Raheem Sterling and Alex Oxlade-Chamberlain provide pace and imagination as well as width but both are equally able to move inside and take on slightly different roles (Sterling behind the main striker, Oxlade-Chamberlain in central midfield).
This kind of versatility could prove invaluable between now and Euro 2016.
Up front, Daniel Sturridge was lively. He's got five England goals so far and could easily double that tally in the qualifiers.
I don't foresee too many changes for Switzerland, provided everyone is fit. There is a case for James Milner to come in and stiffen up the midfield or for the experience of Phil Jagielka to be used in defence.
I was impressed with Danny Welbeck when he came on against Norway. Moving to a new club looks to have revitalised him, and that can only be good for England.
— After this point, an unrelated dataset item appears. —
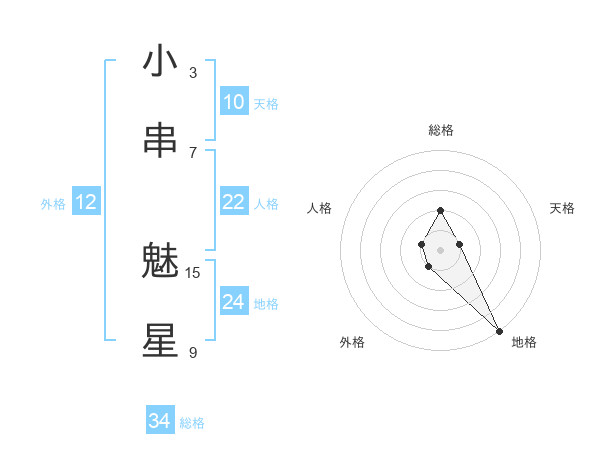 小串 魅星さんの総格は34画の2点!

The match in Basel on Monday night is England's first, and probably hardest, qualifier. Not losing is the key. Under Fabio Capello, England enjoyed an impressive 3-1 win on their last visit there four years ago. Rooney was on target that night - let’s hope history repeats itself.
It’s important England's young team get on the front foot and dominate the qualifiers if they can. A string of good results is well within their capabilities (this isn't a particularly tough group) and will do wonders for their confidence.
The top two qualify automatically, so does the best 3rd placed team, while the other 8 in third place face each other in play-offs. It’s almost harder NOT to qualify from England's perspective, so the youngsters will have a marvellous opportunity to flourish.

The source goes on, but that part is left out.